Wherein M represents the total number of entity relation categories, p _i represents the context vector represented by the ith entity pair, d _i represents the relative distance feature vector between the ith entity pair, and the character degrees represent the vector cascading operation;

The context vector represented by the entity pair is:

In the method, in the process of the invention, And/>Representing the head-to-tail eigenvector of the head entity in the ith entity,/>And/>And representing the head and tail feature vectors of the tail entity in the ith entity pair, wherein the feature vectors are obtained from token set coding vectors X _N, and the model is guided to learn the implicit relation between the medical entity pairs by constructing positive and negative samples, so that the model can only judge the entity pairs with the fact medical relation.

2. The method of claim 1, wherein the public medical information extraction dataset is a CHIP2020 chinese medical text named entity identification, chinese medical entity relationship extraction dataset, a CCKS2020 medical named entity identification, a medical entity and attribute extraction dataset.

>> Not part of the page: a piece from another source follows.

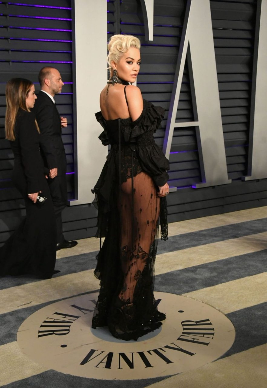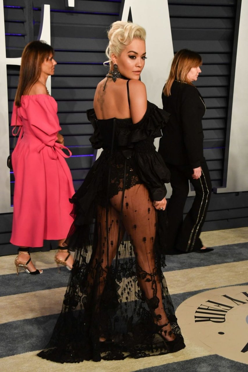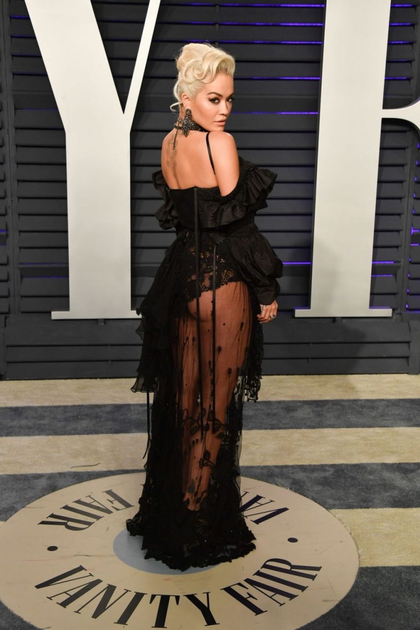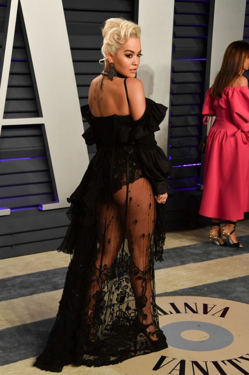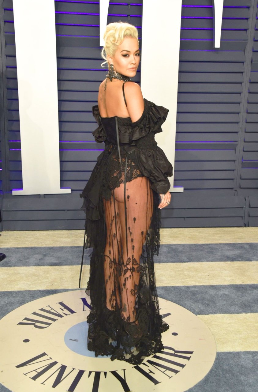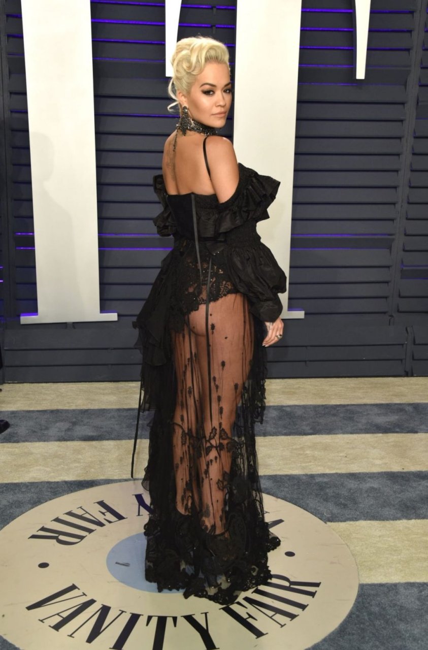 Суперзвезда Рита Ора демонстрирует декольте и ягодицы в черном платье с кружевным нижним бельем на вечеринке Vanity Fair Oscar 2019 в Беверли-Хиллз, 24.02.2019.

3. A medical text data processing method according to claim 1, wherein labeling entity type tags mainly comprises: the specific part Body part of the affected part, obvious patient indexes Symptom, growth and development indexes BMI, specific position direction of the affected part, disease name Disease, sampling data Sample, disease progress Change, attribute Feature, stimulus element INCENTIVE, time and Disease stage Degree, wherein the type of a symptom marking entity is added with a-number in front to indicate that the patient does not have the symptom or the sign, the relation among the entities is expressed in an orderly pair mode, and the specific marking method comprises the following steps:

4. The method of claim 1, wherein the relative distance feature vector between the pair of entities is:

d_i＝Linear(|s_i2―e_i1|)

In the formula, s _i2、e_i1 represents feature vectors of the ith entity in BERT position coding of the tail entity and the head entity respectively, the two vectors represent relative position relations of two medical entities in the entity pair after subtracting absolute values, and a Linear (·) function represents further nonlinear mapping of the position vectors of the entity pair through a full connection layer.

5. The medical text data processing method according to claim 1, wherein the extracted medical entity and medical entity relationship are traversed, the medical entity with overlong text is removed, the entity pair with the medical relationship is visualized and stored in { head entity-medical relationship, tail entity } format, and the independently existing medical entity is visualized and stored in { entity type, entity value } format.

6. A medical text data processing apparatus, comprising:

the apparatus performs and implements the medical text data processing method according to any one of claims 1 to 5.